Exercise data ▸
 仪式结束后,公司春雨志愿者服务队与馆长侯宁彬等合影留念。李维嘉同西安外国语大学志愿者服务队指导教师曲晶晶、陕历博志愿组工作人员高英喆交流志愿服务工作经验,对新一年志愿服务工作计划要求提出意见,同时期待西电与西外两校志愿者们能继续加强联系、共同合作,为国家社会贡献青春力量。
* * *
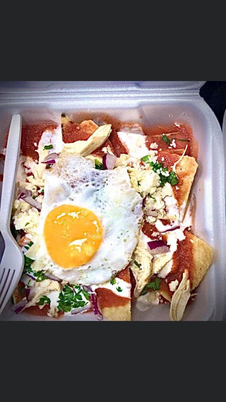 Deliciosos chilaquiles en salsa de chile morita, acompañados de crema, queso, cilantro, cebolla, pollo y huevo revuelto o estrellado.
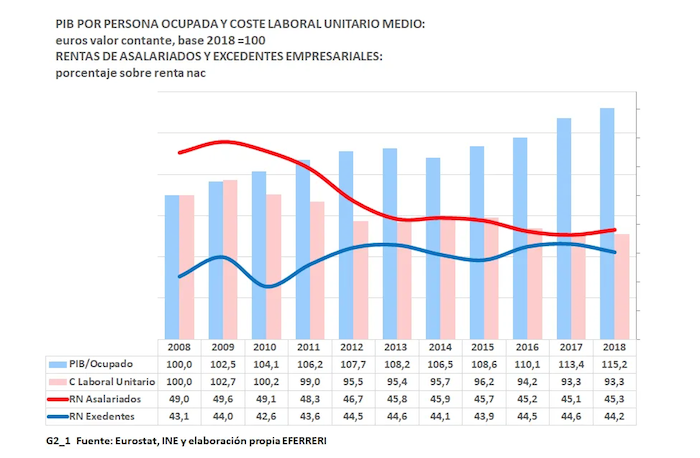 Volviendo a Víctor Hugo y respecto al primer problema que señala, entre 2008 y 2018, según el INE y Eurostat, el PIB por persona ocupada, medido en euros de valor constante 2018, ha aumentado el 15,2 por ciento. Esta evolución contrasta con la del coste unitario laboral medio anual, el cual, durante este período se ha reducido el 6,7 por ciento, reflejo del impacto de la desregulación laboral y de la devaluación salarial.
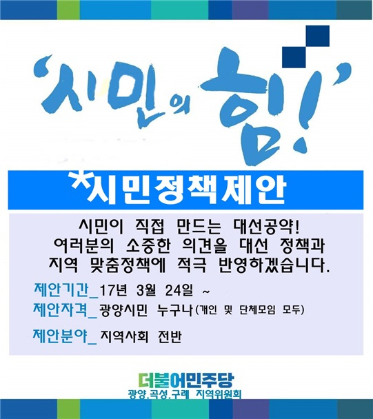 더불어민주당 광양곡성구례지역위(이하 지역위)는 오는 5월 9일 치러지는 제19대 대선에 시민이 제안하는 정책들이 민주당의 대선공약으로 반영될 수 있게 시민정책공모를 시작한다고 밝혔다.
---
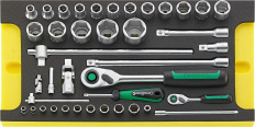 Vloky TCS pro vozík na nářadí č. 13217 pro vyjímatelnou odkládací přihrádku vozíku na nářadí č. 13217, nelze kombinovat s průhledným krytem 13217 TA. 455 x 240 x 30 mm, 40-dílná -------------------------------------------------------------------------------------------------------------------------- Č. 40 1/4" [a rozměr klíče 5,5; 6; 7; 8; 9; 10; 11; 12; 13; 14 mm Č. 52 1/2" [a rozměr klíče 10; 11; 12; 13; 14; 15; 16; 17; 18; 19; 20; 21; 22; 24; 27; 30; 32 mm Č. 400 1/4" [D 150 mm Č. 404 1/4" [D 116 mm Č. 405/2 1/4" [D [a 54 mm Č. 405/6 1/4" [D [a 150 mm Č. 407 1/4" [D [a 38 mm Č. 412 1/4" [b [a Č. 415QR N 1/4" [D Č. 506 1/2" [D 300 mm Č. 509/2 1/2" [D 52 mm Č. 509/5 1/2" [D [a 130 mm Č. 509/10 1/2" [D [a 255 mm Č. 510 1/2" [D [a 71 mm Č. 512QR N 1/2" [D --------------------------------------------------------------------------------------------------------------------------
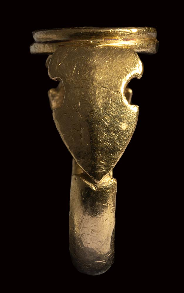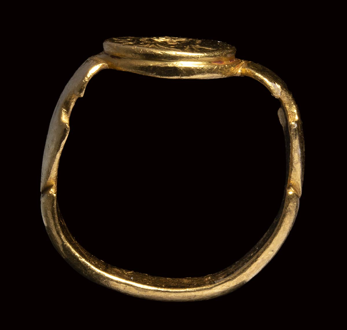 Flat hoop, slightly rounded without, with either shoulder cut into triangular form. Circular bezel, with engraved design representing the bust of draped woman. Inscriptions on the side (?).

Problem ▸
Using the data above, output the line that has "Volviendo a Víctor", the line that has "더불어민주당 광양곡성구례지역위(이하 지역위)는", and whatever lines fall between, each exactly as it stands and without pictures.

Result ▸
 Volviendo a Víctor Hugo y respecto al primer problema que señala, entre 2008 y 2018, según el INE y Eurostat, el PIB por persona ocupada, medido en euros de valor constante 2018, ha aumentado el 15,2 por ciento. Esta evolución contrasta con la del coste unitario laboral medio anual, el cual, durante este período se ha reducido el 6,7 por ciento, reflejo del impacto de la desregulación laboral y de la devaluación salarial.
 더불어민주당 광양곡성구례지역위(이하 지역위)는 오는 5월 9일 치러지는 제19대 대선에 시민이 제안하는 정책들이 민주당의 대선공약으로 반영될 수 있게 시민정책공모를 시작한다고 밝혔다.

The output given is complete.